Gonna be down there today and peak at the Adobe booth and hopefully
catch a good deal at the "swap meet" sales booths for some cranes and
tripods.

If anyone wants me to scope anything out for them ill be happy to do so..

Vic Owen
April 10th, 2002, 12:54 PM
Per the note I left on the MAC NLE board, please take a look at the various FCP dedicated keyboards if you have a chance.
Thanks.....

Adam Lawrence
April 10th, 2002, 02:13 PM
hmm...FCP boards, ill have to look around for it at the apple booth.

but yeah ill let you know what i find!

Vic Owen
April 10th, 2002, 02:23 PM
Both the Logic & EZ keyboards say they're at NAB, per 2-pop.com.

Thanks.

Ken Tanaka
June 2nd, 2002, 10:49 PM
Interesting news item at MacCentral.

http://maccentral.macworld.com/news/0205/29.firewire.php

Chris Hurd
June 4th, 2002, 10:18 PM
"This is a no-fee license agreement between the TA and Apple."

I read about this at ShowBiz Expo.
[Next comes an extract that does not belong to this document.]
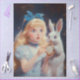 The image depicts a little girl with long blonde hair, wearing a blue headband and a light blue dress, holding a golden pocket watch. Next to the character is a white rabbit with large eyes, also holding a pocket watch. The dark background, filled with glowing particles, creates a magical and whimsical atmosphere. The scene evokes themes of fantasy and adventure, reminiscent of classic fairy tales.

No need to call it "IEEE 1394" or "iLink" anymore; it's oficially FireWire even idf you don't have a Mac. Amazing, and in my opinion, perfectly appropriate.

Jeff Donald
July 15th, 2002, 08:17 PM
The Full release of Apple QuickTime 6 featuring MPEG 4 is available for free at the Apple site http://www.apple.com/quicktime/download/ It supports Win 98 through XP. The pro version is available for $29.99 Quicktime Broadcaster is also available for free.

Rob Lohman
July 16th, 2002, 02:46 AM
The URL you posted directs you to the installer download only.
This download will install live over the internet. If you want,
like me, to download the full package and install later you can
download that here:

http://www.apple.com/quicktime/download/standalone/

Ken Tanaka
July 17th, 2002, 11:50 PM
Apparently, as usual, there are still some compatibility issues between QT6 and iMovie (for those who use this nle). I don't know of any Final Cut Pro issues but, if you rely on FCP for your livelihood, consider letting the early adopters skins their knees before installing the update. During the update to v.5 I (and many others) got my nose broken by being too quick on the trigger with that upgrade.

Jeff Donald
July 18th, 2002, 05:03 AM
Boy, I know the feeling about earlier QT's and FCP. But late tonight on the FCP software page for FCP Apple added a note about 6 not being approved yet for FCP and to stay with QT 5.